Legal challenges to legislation passed last week that would revise criminal sentencing could focus on whether one provision is unconstitutional.
If Gov. Bill Walker signs Senate Bill 54, American Civil Liberties Union of Alaska lawyer Tara Rich expects defense attorneys to file lawsuits almost immediately.
Rich said the ACLU would be joining them, because it considers one part — which says that people arrested for committing class C felonies for the first time face the same range of sentences as those charged with more serious class B felonies — unconstitutional.
“If there’s no rational basis for the Legislature to completely fail to distinguish between these two separate levels of crimes, then it will be struck down as violating due process rights,” Rich said.
The ACLU and state prosecutors raised similar concerns about the provision with lawmakers last week.
But state Criminal Division Director John Skidmore said Tuesday that judges may not strike down the law.
In fact, Skidmore said he expects the courts will work out a solution.
“The courts in Alaska will find a way to interpret the statute … in a way that avoids any constitutional issues,” Skidmore said.
Skidmore said judges would likely do this using what are called benchmarks.
“Instead of the Legislature giving specific sentencing ranges, the courts step in and provide a sentencing range within what the Legislature has already given them,” Skidmore said.
In the case of first-time class C felonies, Senate Bill 54 says sentences should be between zero and two years, the same range as for first-time class B felons.
Judges could set a benchmark at the low end of the range for the less-serious C felonies.
The House had added the C felony sentencing provision as an amendment.
Skidmore raised concerns about the issue before the Senate decided to agree to the House version of the bill.
“The Department of Law obviously prefers to avoid litigation, like what we will encounter, which is why we recommended that this issue be resolved by the Legislature in conference committee,” Skidmore said.
But that didn’t happen.
Rich said the lawsuits will be filed quickly if Walker signs the bill, because the lawyer for anyone charged with a first-time class C felony would seek to plea bargain.
And negotiating for that plea would depend on how judges interpret the law.
Rich made a different prediction than Skidmore – that courts will invalidate the class C felony provision, and cause that portion of the law to revert to what it is under the controversial Senate Bill 91. First-time class C felons face only suspended sentences under the law, instead of automatic jail time.
“As soon as a defense attorney receives a first-time C felony under SB 54 – once SB 54 becomes law – if they believe that it’s unconstitutional and that a court would most likely rule that it should return to the original SB 91 sentencing scheme – that is how they would operate in negotiating the case,” Rich said.
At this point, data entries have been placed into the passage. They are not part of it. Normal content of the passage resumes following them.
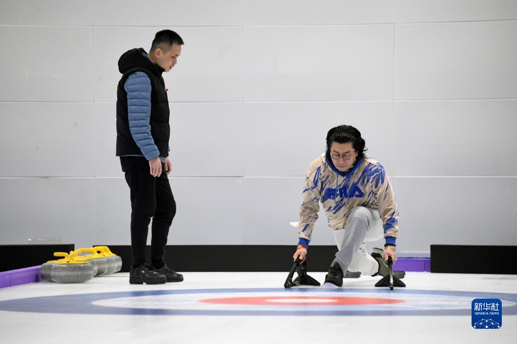 1月29日,游客(右)在“冰立方”冰上運動中心練習冰壺基礎動作。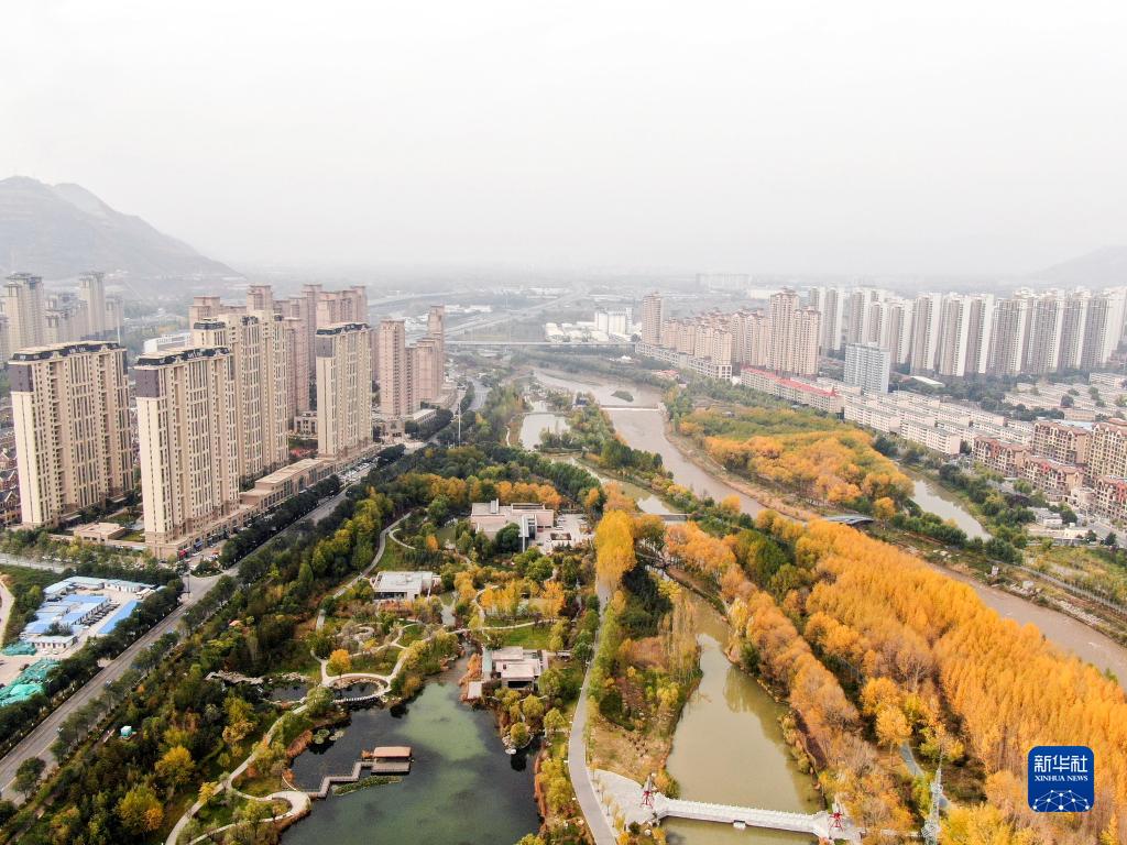 这是10月16日拍摄的青海西宁湟水国家湿地公园一角(无人机照片)。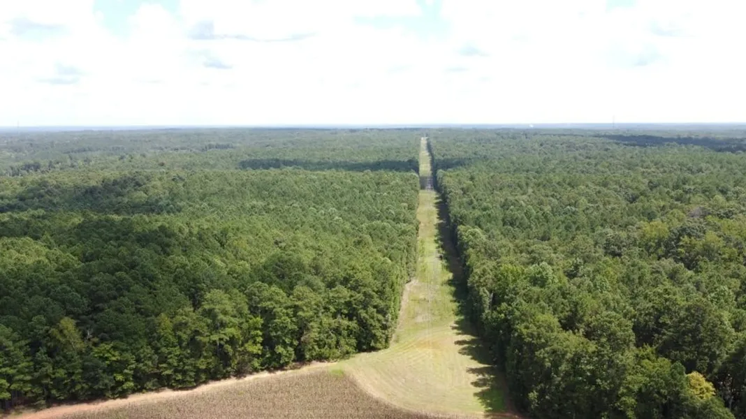 The property is primarily wooded with a healthy stand of pines and a network of interior trails for easy exploration. Its gentle rolling terrain offers both character and multiple potential homesites. A transmission line right-of-way intersects the tract, along with a traditional residential line that could provide power to a future homesite nestled in the woods.

Rich said the ACLU was disappointed with other changes the House made on the floor.
“They’re ratcheting up criminal penalties and packing the bill with amendment after amendment like cans of sardines,” Rich said.
ACLU concerns also include a provision that affect the length of sentences for people who commit class A misdemeanors for the second time, and for those who commit disorderly conduct.
Rich pointed to evidence that the disorderly conduct sentencing would disproportionately affect Alaska Natives.
Senate President Pete Kelly and House Speaker Bryce Edgmon must sign Senate Bill 54 before it goes to Walker. The governor would then have 20 days, not including Sundays, to sign it into law.